Dataset excerpts
++++++++++++++++++++
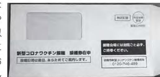
▲接種券は水色の封筒に封入してお届け

なお、3回目接種に必要な接種券については、予診票やハイヤー料金助成券（65歳以上）を同封した 水色の封筒 にて、2回目接種を終えたおおよそ7カ月後までにお届けします。
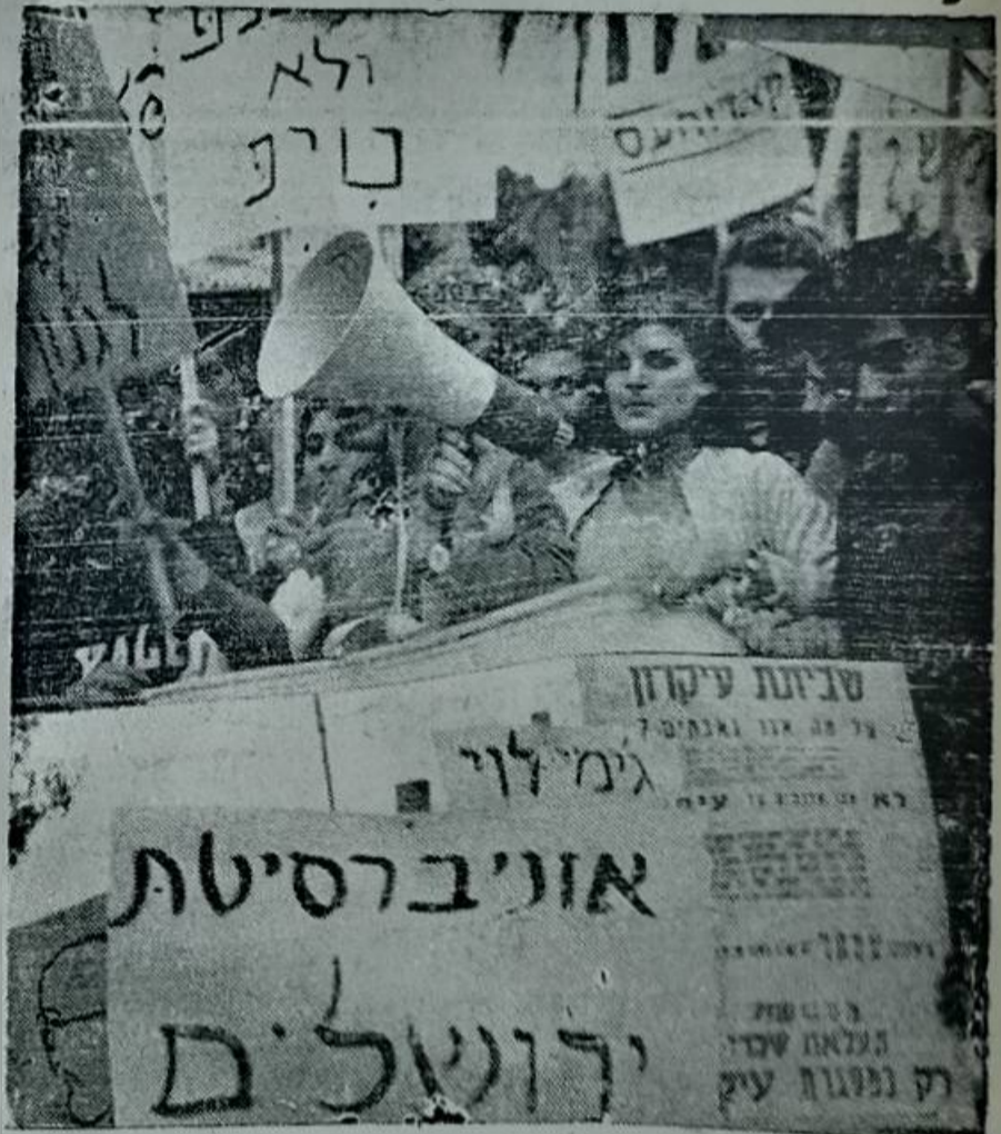
הפגנת ימין באוניברסיטה העברית

בשנת 1967 אירגן המחנה הימני באוניברסיטה העברית, הפניה נגד העלאות שכר לפועלים שאר ההפגנות של הימין הסבעד ההתנחלויות ב- שטחים וכו'.
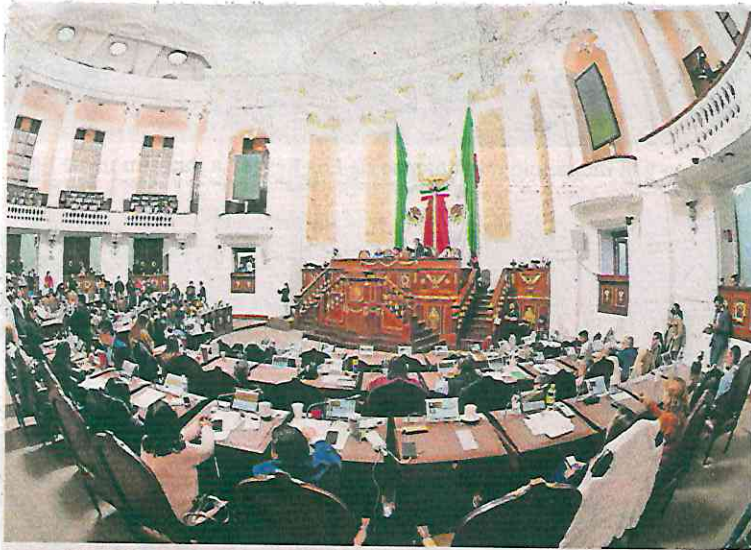
La sesión del Congreso capitalino iniciaría este lunes y se alargaría hasta las primeras horas del 24 de diciembre, indicaron varios legisladores.
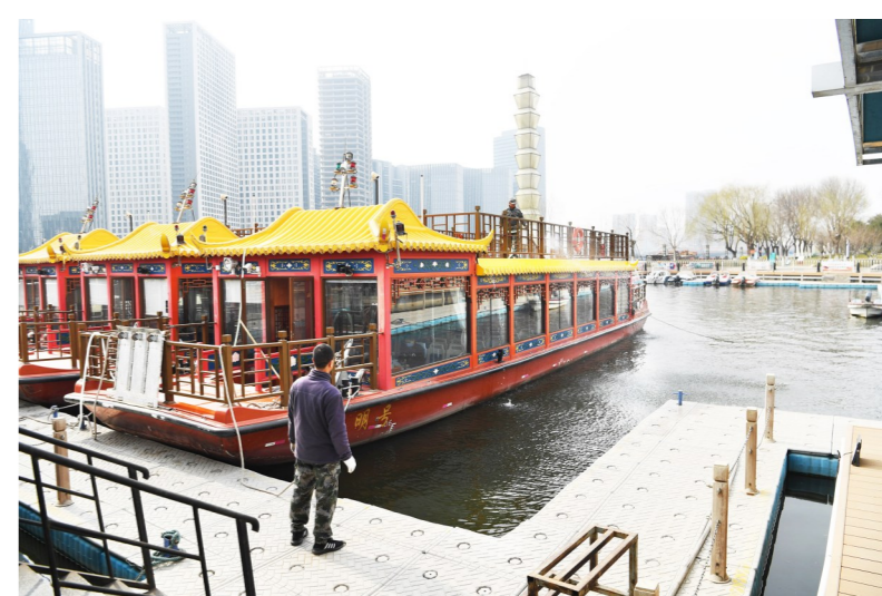
工作人员检修设备、清扫船体并消毒,为开航做好准备。

本报讯(记者 王军志)记者从京通大运河(北京)文化旅游管理有限公司了解到,该公司正在紧锣密鼓对所属100余艘小船和9艘大运河游船,进行开航前期的维修保养,为今年春季运营提前做好准备,预计3月底大运河游船可恢复通航运营,具体开航时间以该公司官方公告为准。
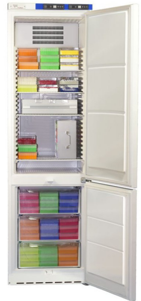
ProfiFrost PFU40xxKWU (Fig. with inventory system. See catalogue.)
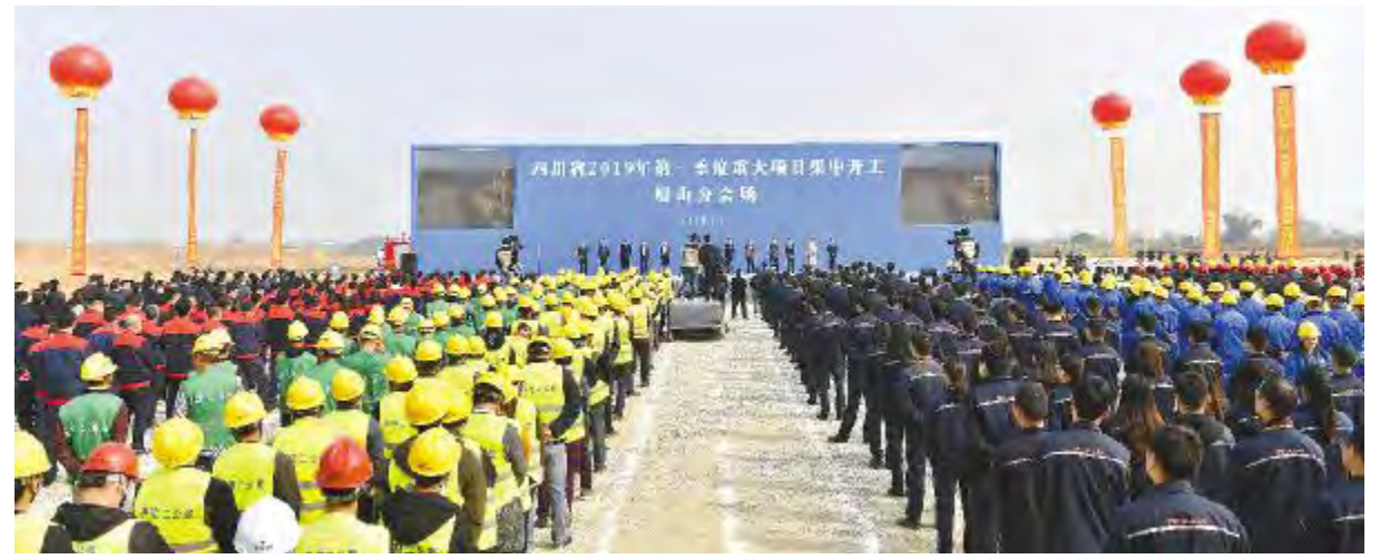
通威太阳能眉山 10GW 高效晶硅电池项目开工仪式现场

近年来,成都市委、市政府大力支持民营经济发展,营造了良好的国际化营商环境,让在蓉民营企业吃下定心丸、安心谋发展。双流区委、区政府更是让我们民营企业感受到尊重、重商、亲商的浓厚氛围和实实在在的成效及变化,更加坚定了通威进一步加大在双流投资的热情和信心。今天,通威将再新增投资20亿元,正式启动四期工程,计划今年内投产。今年底,通威电池总产能将超过20GW,将连续3年成为全球产能规模和出货量最大的太阳能电池企业,全球市场占有率有望达到15%。
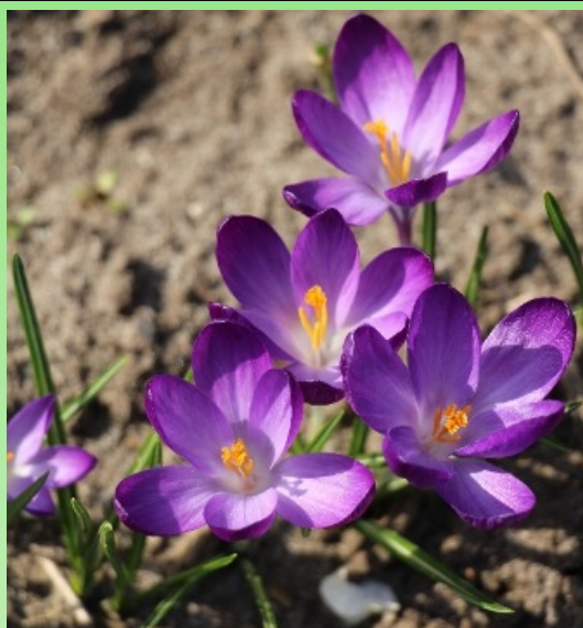
Рис. 6. Крокус Томазини 'Руби Гигант'.

Высота растения до 4.2 см. Цветок чашевидной формы: высотой – 2.7 см, диаметром – 2.8 см. Окраска долей околоцветника: белая с темно-фиолетовыми мазками по каждому лепестку. Листья узколинейные, прикорневые, растущие пучком, появляются во время цветения. Длина листа: 8.2 см, ширина 0.2 см. Продолжительность цветения 29 дней. Коэффициент размножения – 2.4.
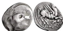
ACIP 216 = CNH 73. AR. Dracma. 16/17 mm (4 ejemplares) 14 . Símbolo pulpo. Anv.: Similar al anterior. Rev.: Similar al anterior, pero símbolo pulpo.
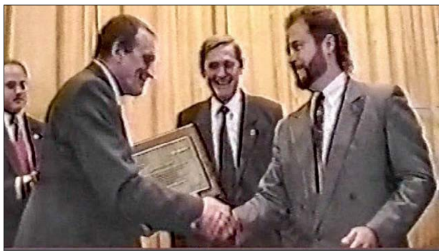
Стоп-кадр из видеоархива телевидения ВСМПО. 1993 год. Вручение первого международного сертификата

9 июля в Верхнюю Салду прибыли специалисты фирмы «ТЮФ Интернациональ Рус», чтобы поздравить ВСМПО с 25-летием со дня получения первого сертификата, подтвердившего соответствие системы качества ВСМПО высочайшим требованиям международного стандарта.
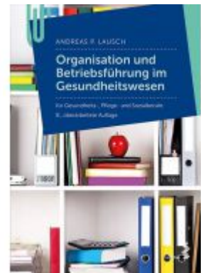
Organisation und Betriebsführung im Gesundheitswesen Ladenpreis: 24,90 EUR
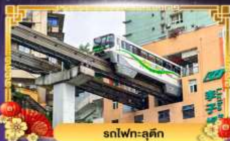
รถไฟฟ้า-ลู่ติง
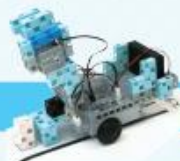
レベル3 アーム付き搬送ロボット
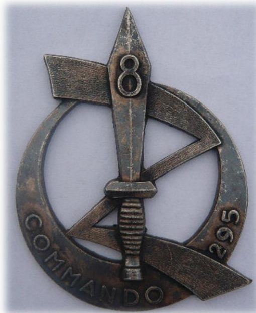
Insigne Commando 295 en Algérie (mars 1962 - variante pointe vers le haut)
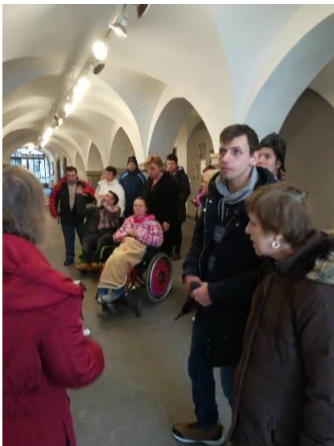
Návšteva Galérie Umelcov Spiša
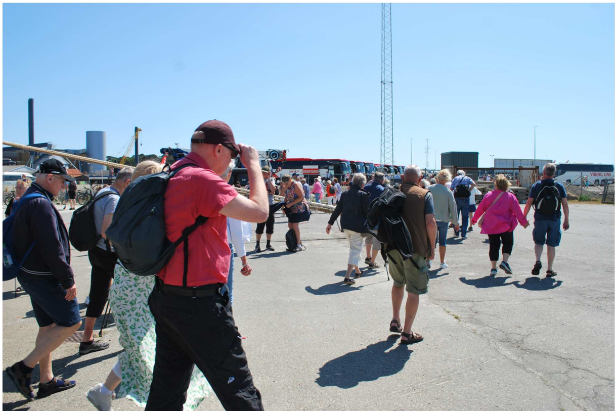
Mot utflyktbussarna med stormsteg. Hela vår Järfälla-grupp hade bokat utflykten "Bornholms guldorn"
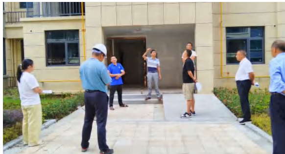
9 月 29 日，花海置业组织九龙湾 A 区 9、10 号楼交房验收
++++++++++++++++++++
● **TASK PROMPT**
Copy out each line of the entries that holds "сертификата".

● **EXERCISE OUTPUT**
Стоп-кадр из видеоархива телевидения ВСМПО. 1993 год. Вручение первого международного сертификата
9 июля в Верхнюю Салду прибыли специалисты фирмы «ТЮФ Интернациональ Рус», чтобы поздравить ВСМПО с 25-летием со дня получения первого сертификата, подтвердившего соответствие системы качества ВСМПО высочайшим требованиям международного стандарта.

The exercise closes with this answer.